Did the Ouija Board help you with that one, or did you "divine" it all on your own? The Levy article I quoted earlier contain addition information regarding Marshall's dicta in Bollman. As a matter of fact, just about every article I have read about Bollman makes mention of Marshall's dicta. Didn't non sequitur educate you about obiter dicta (courtesy ping) in the late, great, deleted thread?
Let's examine what I stated then.
1. Is Freedman a revisionist? Well, he wrote a book attempting to trash a widely celebrated decision from a widely celebrated Chief Justice that has been almost universally accepted for the last 200 years. I'd say that makes him the very definition of a revisionist.
2. Is Freedman a crank? Well, his books/articles are loaded with snide pot shots against Marshall and his favorite means of discounting one of Marshall's arguments is to assign it with unsubstantiated discrediting motives. I'd say that makes him the very definition of a crank as well.
In short, I stand by my earlier remark. Freedman is a crank revisionist.
Nice chronolgy. You "forgot" mention when the House adjourned. The Senate is only half of congress.
Though you may dwell in a Farberville full of metaphysical California Miss Cleo's, I do not. Rather, I simply observed the development of your argument along the path you followed. That you ended up where you did was easily anticipated and easily recognized once it happened because your type always ends up there.
The Levy article I quoted earlier contain addition information regarding Marshall's dicta in Bollman.
You mean the same one you tried to pass off as "proof" that Bollman, a case about a habeas corpus petition, was not about habeas corpus? Here's a newsflash for you capitan. Virtually every case ever written has items of dicta somewhere within its text. But they also have holdings and premises on which those holdings are decided. The simple fact that you saw the words "Bollman" and "dicta" appear in the same article does not even remotely begin to approach substantiating your claim that a specific passage you personally do not like is a piece of obiter dictum. Your "dicta" sources so far have all commented on unrelated passages - a fact that you cannot seem to recognize because you're still on a sugar high from seeing the two words together in the same passage.
As a matter of fact, just about every article I have read about Bollman makes mention of Marshall's dicta.
Gee, ya think? And I bet it has something to do with the fact that EVERY supreme court case of any substantial length has dicta somewhere in it. It is once again obvious that you have yet to grasp that amazingly simple concept.
Of course, in the capitan_refugio/non-sequitur school of law, all it takes to find obiter dictum is to do a google search for a case name and the word "dicta." If it pulls up a hit then you get free license to go through the case and slap the obiter dictum label on any passage of it that you don't like.

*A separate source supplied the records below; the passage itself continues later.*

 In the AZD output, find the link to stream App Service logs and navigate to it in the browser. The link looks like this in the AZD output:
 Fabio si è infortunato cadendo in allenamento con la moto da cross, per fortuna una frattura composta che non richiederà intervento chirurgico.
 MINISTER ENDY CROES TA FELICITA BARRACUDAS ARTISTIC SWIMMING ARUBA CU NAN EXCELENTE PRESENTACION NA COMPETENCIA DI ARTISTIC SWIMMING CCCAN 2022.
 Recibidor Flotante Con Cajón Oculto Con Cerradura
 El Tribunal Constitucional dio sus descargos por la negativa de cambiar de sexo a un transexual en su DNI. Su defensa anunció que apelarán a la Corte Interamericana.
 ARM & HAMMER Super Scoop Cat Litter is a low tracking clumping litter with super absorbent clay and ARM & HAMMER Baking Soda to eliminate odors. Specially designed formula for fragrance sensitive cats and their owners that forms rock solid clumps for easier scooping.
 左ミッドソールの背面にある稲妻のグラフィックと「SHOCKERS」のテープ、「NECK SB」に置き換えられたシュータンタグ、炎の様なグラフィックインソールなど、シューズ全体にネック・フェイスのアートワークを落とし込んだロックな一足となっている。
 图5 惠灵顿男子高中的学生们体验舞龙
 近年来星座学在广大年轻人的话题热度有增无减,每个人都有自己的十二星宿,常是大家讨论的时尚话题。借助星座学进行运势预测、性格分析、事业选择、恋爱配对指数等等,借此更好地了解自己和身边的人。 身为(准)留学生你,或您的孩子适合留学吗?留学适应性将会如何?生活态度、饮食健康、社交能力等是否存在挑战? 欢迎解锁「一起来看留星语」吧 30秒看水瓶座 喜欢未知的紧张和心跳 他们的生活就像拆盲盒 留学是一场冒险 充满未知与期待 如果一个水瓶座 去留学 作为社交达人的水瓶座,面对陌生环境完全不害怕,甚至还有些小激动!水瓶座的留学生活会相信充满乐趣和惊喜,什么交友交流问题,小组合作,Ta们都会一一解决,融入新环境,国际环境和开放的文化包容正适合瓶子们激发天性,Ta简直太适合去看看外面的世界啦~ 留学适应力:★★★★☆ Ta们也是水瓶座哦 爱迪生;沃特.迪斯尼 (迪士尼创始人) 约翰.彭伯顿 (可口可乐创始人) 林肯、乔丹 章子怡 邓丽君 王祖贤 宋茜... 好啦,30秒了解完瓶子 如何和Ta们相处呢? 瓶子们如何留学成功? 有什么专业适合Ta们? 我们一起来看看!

As I similarly instructed another poster, "the suspension of the powers vested by this act" refers to the Judiciary Act of 1789, not the "Suspension Clause" in the Constitution.
Harold M. Hyman, in an article about Ex parte Milligan, begins with, "In 1861, Chief Justice Roger B. Taney contrived a possibility of executive-judicial, civil-military clashes (Ex parte Merryman); in 1863 the Supreme Court averted similar confrontations (Ex parte Vallandigham; Prize Cases).
A judge's motivations are important. Especially when his opinion purports to establish precedent. Taney's "bad behavior" should never be mistaken for sound legal reasoning. As as has been demonstrated, Taney's in chambers opinion was not a decision of the Supreme Court - Taney engineered it all on his own.